Accurate current sensing and monitoring is necessary in control loops where load current information is needed for power supply monitoring, motor and actuator control, current limiting, fault protection, line compensation and many other functions. This article looks at direct current sensing using a shunt resistor, as well as alternative solutions and design trade-offs. Although the focus is on satellite power supply applications, much of the discussion can be applied more generally to other current sensing applications.

Requirements
Independent of spacecraft size, the power system challenges facing designers are similar; the aim will be to maximise performance while finding the right balance between weight, reliability and efficiency so that the mission requirements are achieved at the lowest overall cost and with minimum risk to the program.
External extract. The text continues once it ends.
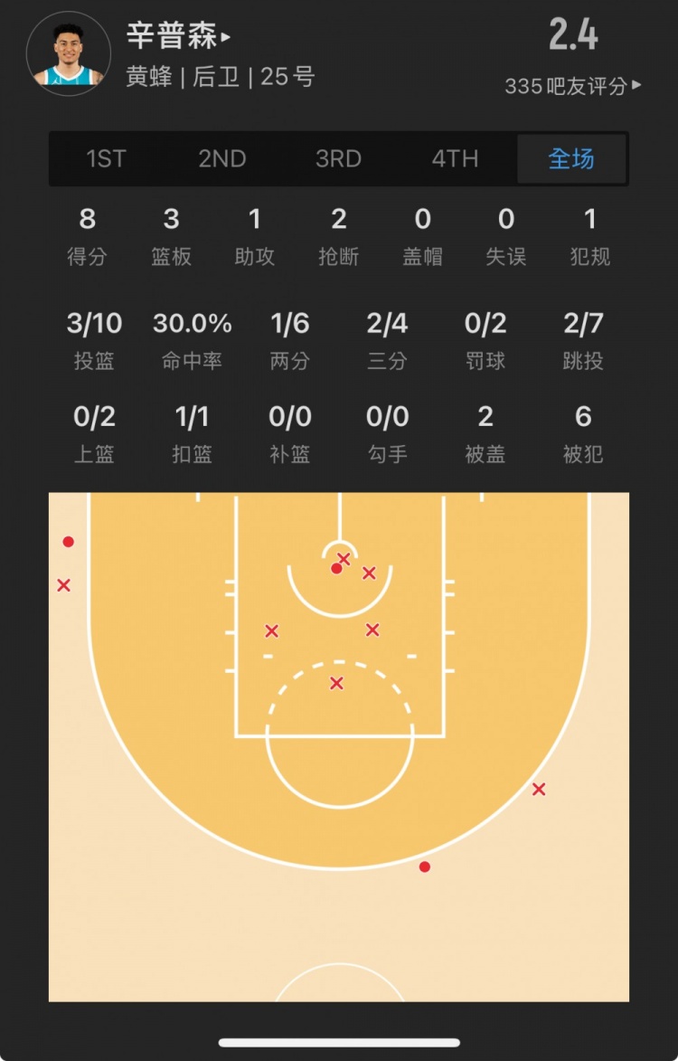 黃蜂42號(hào)秀 KJ-辛普森 登場(chǎng)25.6分鐘

Driven by a demand for greater capacity, more functionality, higher resolution and more instruments, the trend is one of increasing power system complexity and higher energy consumption. At the circuit level this translates to:
 • An increasing number of supply rails with tight power supply tolerances and careful power up sequencing to support increasingly complicated electronics such as FPGAs.
 • The use of more robust, fully electronic protection systems to replace relays and to handle the associated management of redundant power busses.
 • A greater emphasis on efficiency through the use of higher voltage power systems, sophisticated battery management and advanced energy control.
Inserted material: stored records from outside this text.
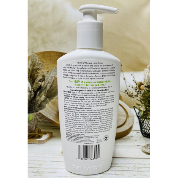 Palmers допомагає скоротити поява розтяжок завдяки особливій суміші чистого масла какао, вітаміну Е, олії ши і Bio C-Elaste. Bio C-Elaste – це потужне поєднання колагену, еластину, центелли азіатської, мигдальної олії і арганової олії.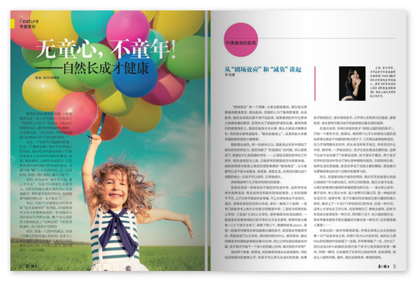 《為了孩子》關(guān)注年輕媽媽的生活狀態(tài),更多融入了兒童時(shí)尚類的流行因素,涉及兒童時(shí)尚,現(xiàn)代兒童身心健康、新兒童用品信息,兒童網(wǎng)絡(luò)動(dòng)態(tài)等多方面的內(nèi)容。力求滿足幼兒及其家長的現(xiàn)實(shí)需求。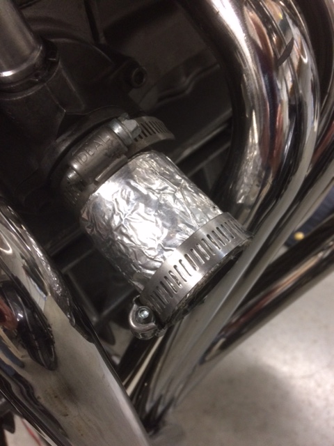 With the header-collector "double-wrapped" you can actually touch it. It gets very warm but won't burn. You can appreciate how much cooler this keeps the oil! About 8-10 degrees C. by my oil temp. gauge.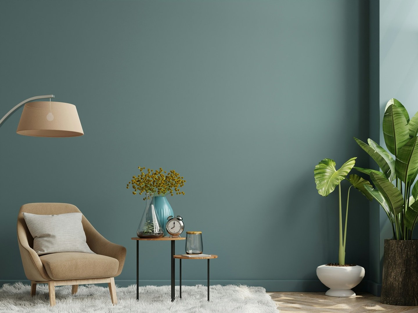 مزيج بين الأزرق والأخضر يمنح الجدران عمقاً وأناقة، ويشكّل خلفية مثالية للألوان الدافئة مثل الكراميل والنحاس.

Designing a power system with these features requires many current monitoring circuits throughout the payload and ancillary circuits. The ideal solution combines efficiency, accuracy and a small footprint. Add in radiation-induced effects and the limited choice of space qualified, radiation hardened or suitably capable COTS (commercial off the shelf) components, and the task becomes even more difficult.

Power supply current limiting in spacecraft
To protect power supplies from output short circuit faults or transient abnormalities beyond the safe operating conditions, a Latching Current Limiter (LCL) can be used that acts as a resettable electronic fuse. Fold-back Current Limiters (FCL) are more sophisticated and seek to maintain safe power supply operation by setting an upper operating current limit for the circuit.
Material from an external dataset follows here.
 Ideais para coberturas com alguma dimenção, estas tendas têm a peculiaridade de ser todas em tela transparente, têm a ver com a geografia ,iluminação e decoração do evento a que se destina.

Typical constant current protection circuits reduce the output voltage to control the maximum power delivered as the load resistance decreases. A disadvantage to this approach is the larger input to output voltage differential, which results in increased dissipation in the control element (PD = [VIN – VOUT] x IOUT). To address this, a further refinement is to reduce the output current with the output voltage. This avoids excessive power dissipation in the event of a severe fault condition and thermal damage. Incidentally, some linear power regulator ICs include a similar chip-level current limiting mechanism, which prevents thermal runaway and eventual destruction of the device outside of its safe operating area.

Current sensing trade-offs
Direct current sensing measurements are invasive to the circuit as a sense resistor is placed in series with the load to create a voltage drop proportional to the load current per Ohms Law. The selection of the sense resistor is a trade off between power dissipation in the resistor and current measurement accuracy. To avoid excessive power dissipation in the sense resistor, it must be as small as possible whilst still able to resolve a minimum current signal. The minimum accurately reproduced signal is limited mainly by the DC input offset of the measuring circuit (see graph).